◆ **What is being asked**
In the entries that follow, the lines from the line containing "You can view" up to and including the line containing "Game Warden with" must be copied exactly, with pictures omitted.

◆ **Data extracted from a collection**

★ ★ ★ ★ ★

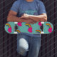 Aqua Skateboard Deck With Pink Hearts and Rainbows
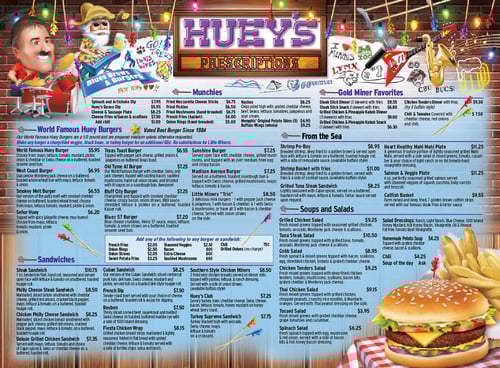 You can view the menu at https://hueyburger.com/menus/ and order online at https://hueyburger.com/order-online-now/.
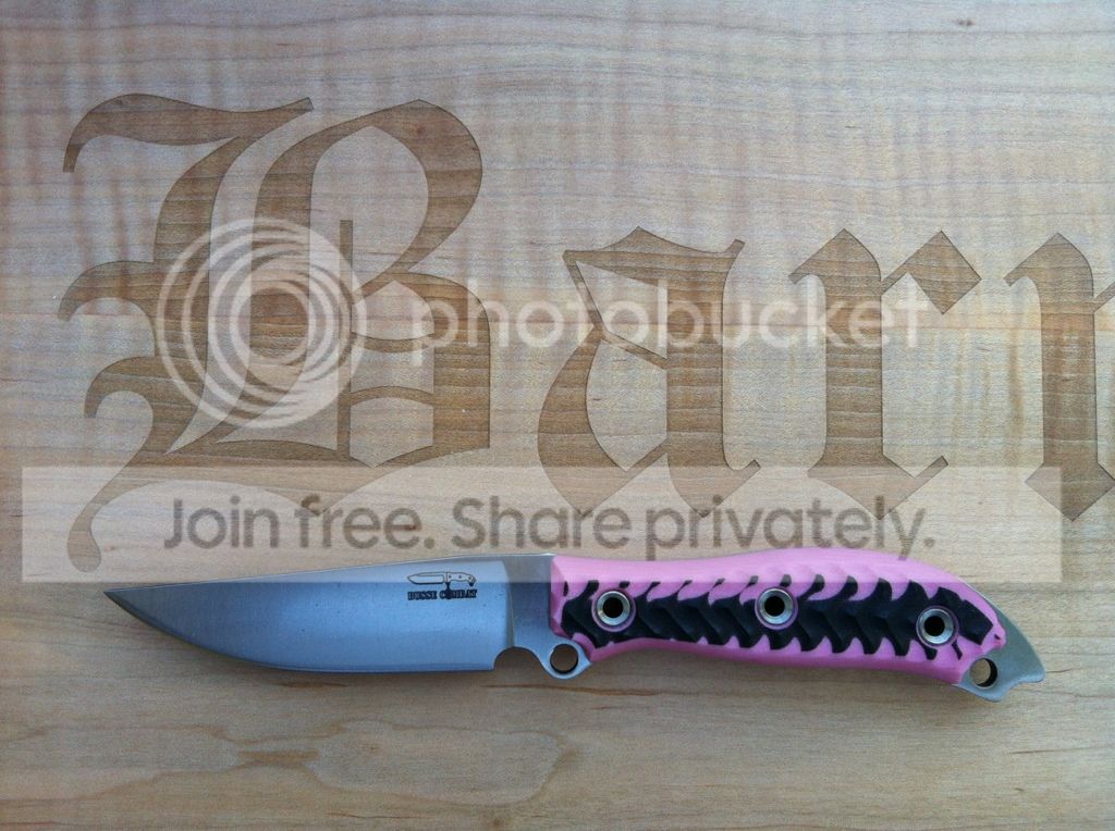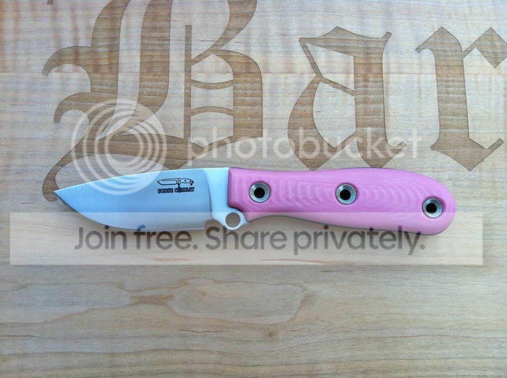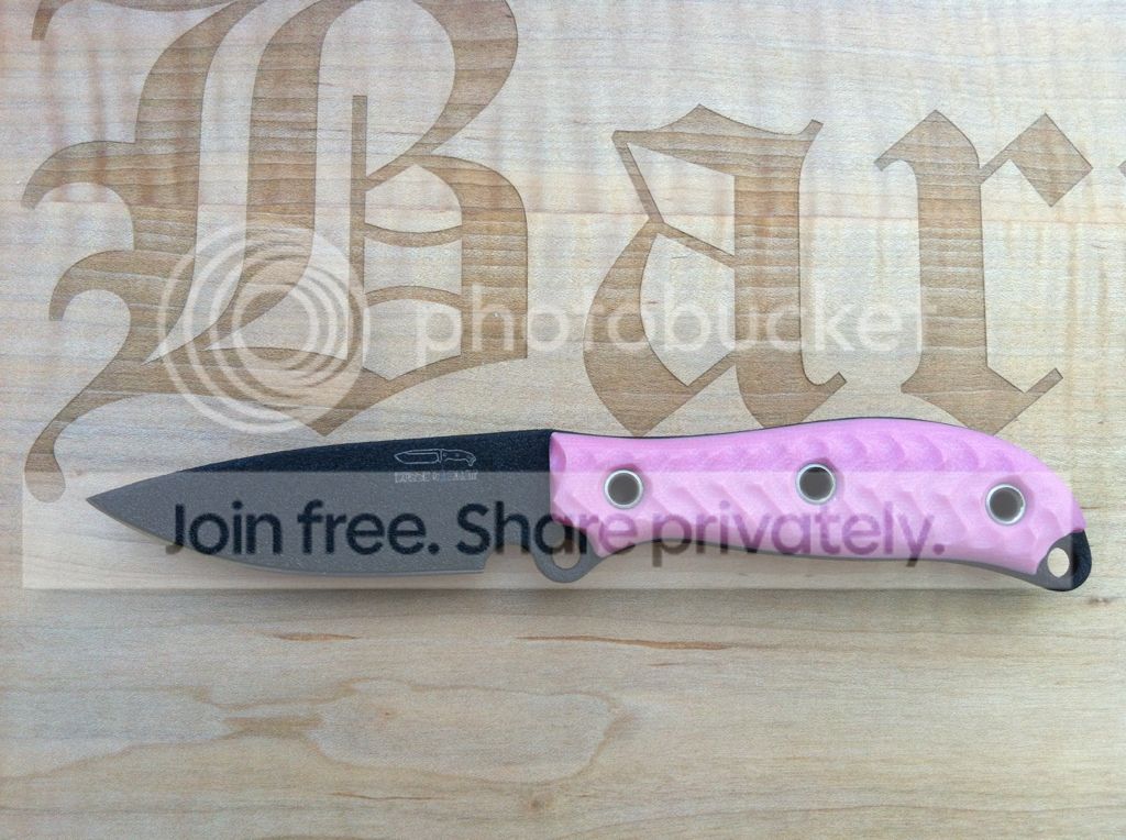Game Warden with pink and black G10 scales - the black is on the inside, against the blade on this one, satin blade. My calipers read 0.140" in front of the scales.
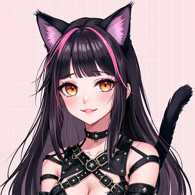 Anime-style illustration of a young, attractive female character with long dark purple-pink hair and large, expressive orange eyes. She has cat ears and a black cat tail. The character displays a serene, slightly amused expression. She is holding a longsword weapon in monsterhunter. The character's outfit is crop tank top A light pinkish-purple highlights her hair's roots. The background is a pale pink grid pattern. The lighting is soft and even, casting no strong shadows. The overall mood is gentle and playful. The composition is centered on the figure, with a slight three-quarter view showcasing her form. Focus on soft details and smooth linework. The artwork style leans towards a digital illustration. The image is vibrant and colorful, reflecting a lighthearted atmosphere.
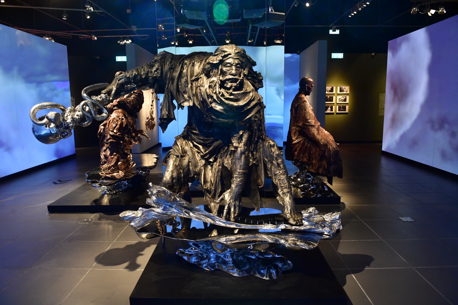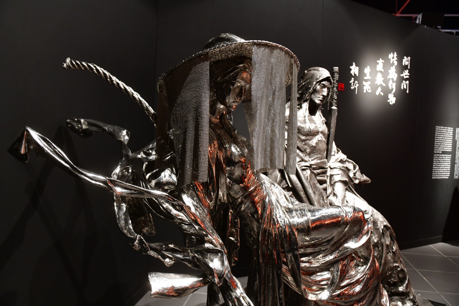 展覽的地下大堂展示任哲雕塑作品《張無忌》。
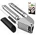 iPerfect Kitchen Stainless Steel Garlic Press, Crusher, Mincer - Including Silicone Tube Peeler, Cleaning Brush & Recipes Ebook

★ ★ ★ ★ ★

◆ **Response box**
 You can view the menu at https://hueyburger.com/menus/ and order online at https://hueyburger.com/order-online-now/.
Game Warden with pink and black G10 scales - the black is on the inside, against the blade on this one, satin blade. My calipers read 0.140" in front of the scales.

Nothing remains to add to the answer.